- YOUR TASK: Below is a listing; give only the number of its lines that contain the word "アフタヌーンティー".

- DATA PROVIDED:

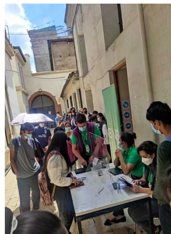
Apertura de cuentas en BNB y entrega de tarjetas a becarios
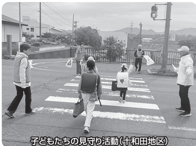
子どもたちの見守り活動(十和田地区)
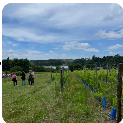
Visites de vignobles et de distilleries
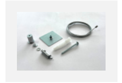
145-50301, N Seile 4000mm + Metallhalter;
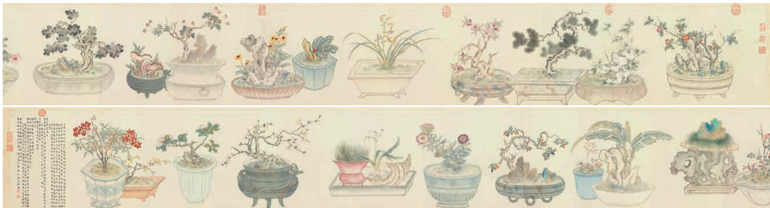
圖2 清 汪承霈 畫萬年花甲 國立故宮博物院藏
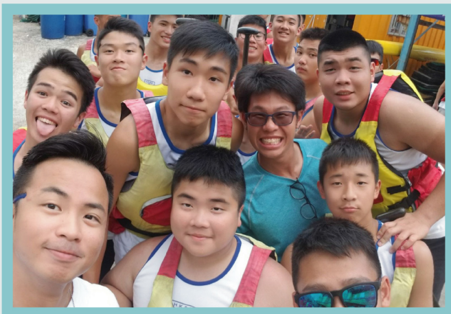
錦標賽獲勝後與師長共慶

過往得到的勝利，是過去的榮耀，勝利者的位置不是永遠屬於我們；過去的手下敗將，不是永遠跟在我們的後面。想繼續爭取第一的位置，就必須付出努力，無論是訓練時間還是比賽時候，我們都應全神貫注，竭盡所能，發揮至最佳狀態。比賽成績正是訓練表現的報告，如何將所教授的技術、比賽時運用的策略，以及臨場的表現發揮，都是我們需要緊記，以便可以爭取出色的表現，以獲取佳績。藉著龍舟訓練比賽，希望同學無論在讀書、運動以至步操等各方面，都應抱著認真的態度，為達成目標而努力。
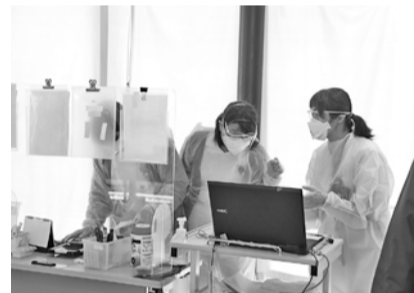
玄関で外来患者の対応をする看護師
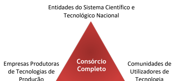
Figura 2 – Triângulo Virtuoso da Inovação Tecnológica
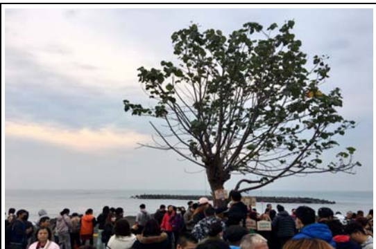
市境之南樹賞日出活動
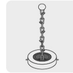
Cadena para sujetar cinta
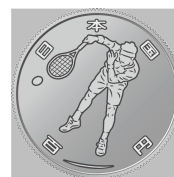
原寸 (直径 22.6 mm)
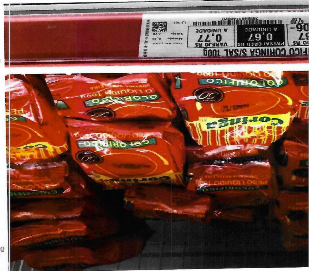
3. COLORÍFICO EM PÓ - 100G (CORINGA)
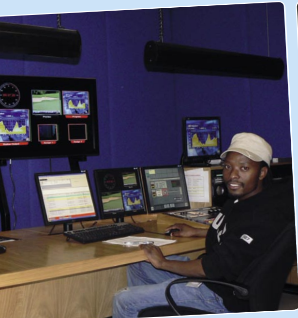
ing operator di Pusat Kendali Akhir. satelit.

Mereka juga merencanakan untuk melanjutkan memancarkan siaran FTA agar dapat menjangkau sebanyak-banyaknya pemirsa. Mereka sangat ambisius!
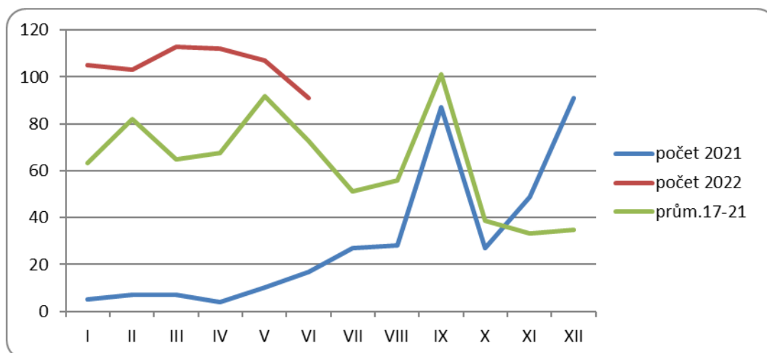
Graf 1: Výskyt onemocnění virovou gastroenteritidou v ZK v letech 2021, 2022 v porovnání s 5letým průměrem
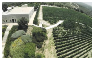
<生産地 ベッカー高原>
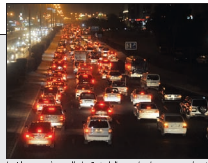
ازحام مروري على إحدى الطرق قبيل العيد (محمد هاشم)
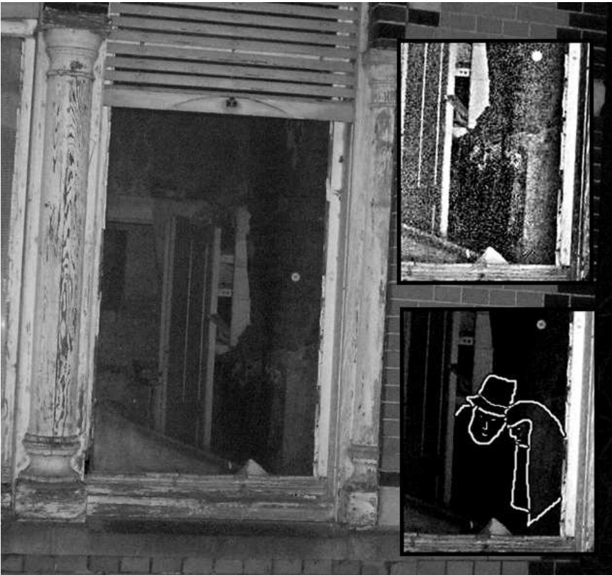
Foto gemaakt door Monique Hendriks in maart 2007 bij de Jufferschans in IJzendijke. Rechts ziet u respectievelijk een scherper gemaakte afbeelding en een weergave van de contouren.

Het is bijzonder om te zien hoe een stuk geschiedenis zich op spookfoto's aftekent. De onderstaande foto maakte ik een maand later in april 2007, tijdens een onderzoek op dezelfde locatie. Op de vergroting is te zien dat er een witte dame en een man naast elkaar staan, die beiden in dezelfde richting kijken. Ik ben ervan overtuigd dat er in dit huis een baby is gestorven onder zeer akelige omstandigheden. Dusdanig heftig dat zielen uit het verleden de woning niet los kunnen laten omdat mogelijk het echte relaas over de aard en toedracht niet in de openbaarheid is gekomen.
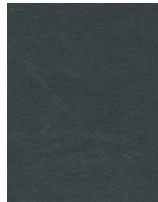
GLAMOUR LEAF GREEN
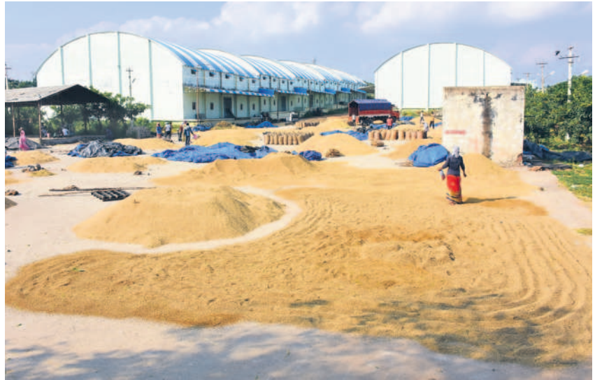
భువనగిరి మార్కెట్లో ఆరబోసిన ధాన్యం
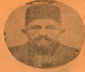
Hacı Kuzuzade ve Mahdumları Manifatura vs. Tüccarı
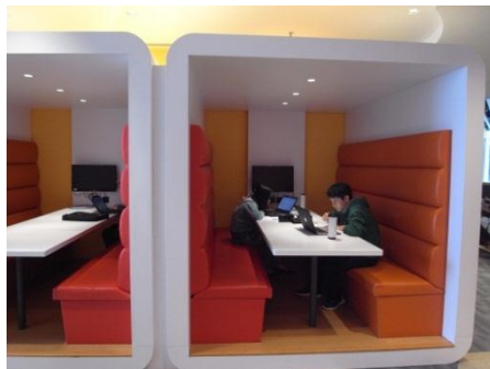
グループ学習スペース
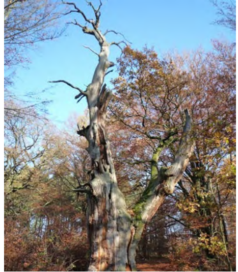
Abb. 8 Totholz

Mit Totholz werden tote Baumstümpfe und abgestorbene Äste und Zweige bezeichnet (Abbildung 8). Da sie die Lebensgrundlage für viele Tier- und Pflanzenarten bilden, werden sie bewusst im Wald belassen, stellen aber besonders nach Stürmen eine Gefahr für die Waldbenutzer dar. Die pädagogischen Fachkräfte sollten Absprachen mit dem zuständigen Forstamt oder Waldbesitzer treffen und Aufenthaltsbereiche meiden, in denen sich bekannterweise viel Totholz befindet. Besonders nach Stürmen sollte auf Feld- und Wiesengebiete ausgewichen werden.
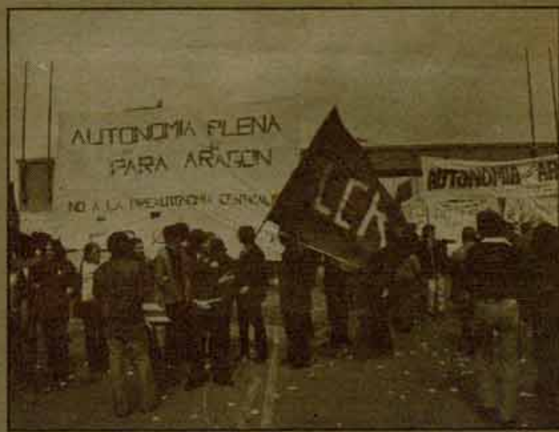
El día 23 de abril se celebrará una gran manifestación unitaria por la autonomía plena. La convocan en Zaragoza, PSOE, PCE y la Asamblea Autonomista (LCR, MCA, PTA y PSAI).
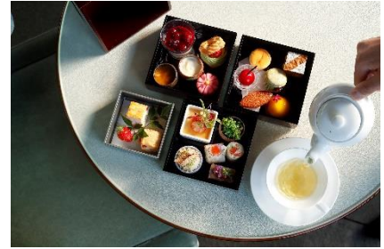
アフタヌーンティー

バルコニー付きのお部屋で、昼(アフタヌーンティー)・夜・朝食の3食をゆったりとお召し上がりいただく24時間滞在の宿泊プラン。誰にも邪魔されないプライベート空間ならではの上質な食体験をお楽しみください。
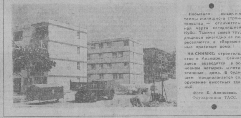
Небывало высоки и темпы жилищного строительства — отличительная черта сегодняшней Кубы. Тысячи семей трудятся ежегодно ее переселются в современные красивые дома.

СОФИЯ. В столице Болгарии создан научно-исследовательский институт по проблемам социалистической экономической интеграции. Его основная задача — конкретная разработка важнейших задач, связанных с участием республики в хозяйственном и научно-техническом сотрудничестве социалистических стран. В институте шесть специализированных секций — общих проблем интеграции, международной специализации, совместной плановой деятельности государств дружества, то-
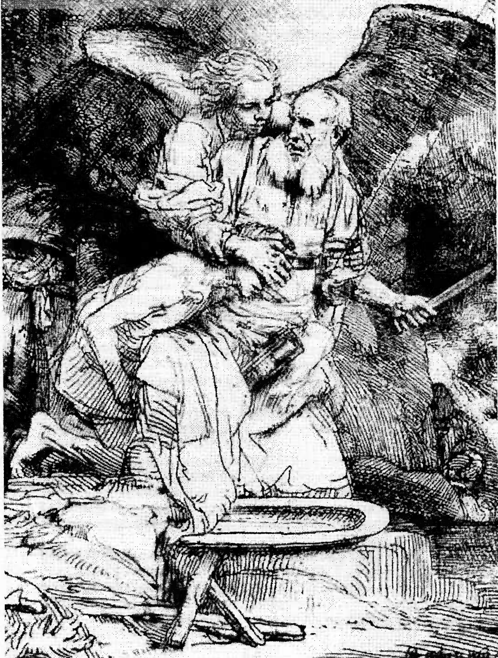
Rembrandt (1606–1669) Oběť Abrahamova (1655) (čti Gn 22,1-15)
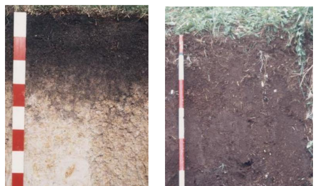
写真2 左：灰色台地土、右：泥炭土（参照：道総研）
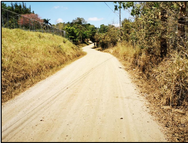
Imagen N° 2. Vía en lastre.
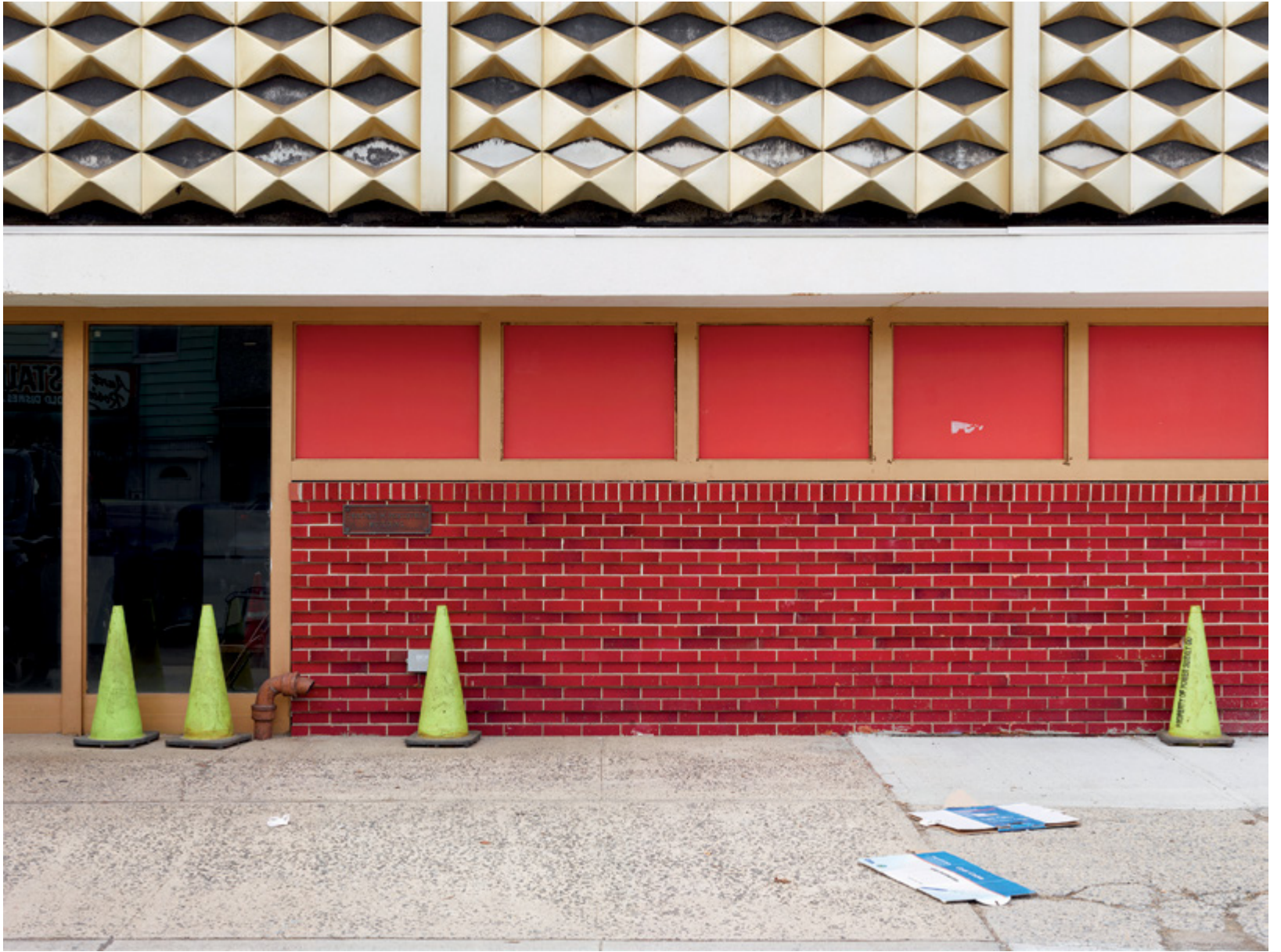
True Nature #003 (Hanoi), 2016, 20 × 27 cm True Nature #020 (New York), 2017, 20 × 27 cm

TOUTES LES PHOTOS / ALL PHOTOS Archival pigment prints on fine art paper / épreuves pigments d'archives sur papier fine art
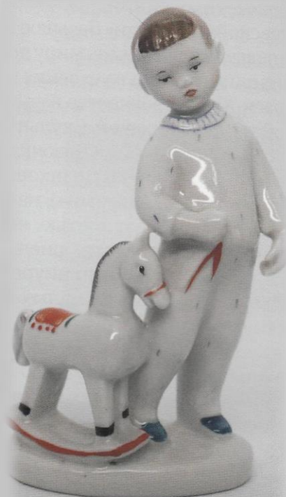
Мальчик с лошадкой Г. С. Соболева. ЛФЗ.
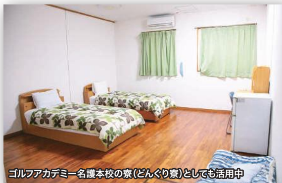
ゴルフアカデミー名護本校の寮(どんぐり寮)としても活用中

加えて、元校舎には各種の器具を用意した本格的なトレーニングルームや、ミーティングや学習の場として活用
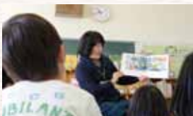
休み時間に子どもたちに読み聞かせ
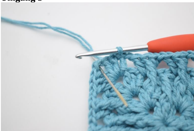
1. Lav km hen til lm-buen.

- SOLVED EXERCISE: 2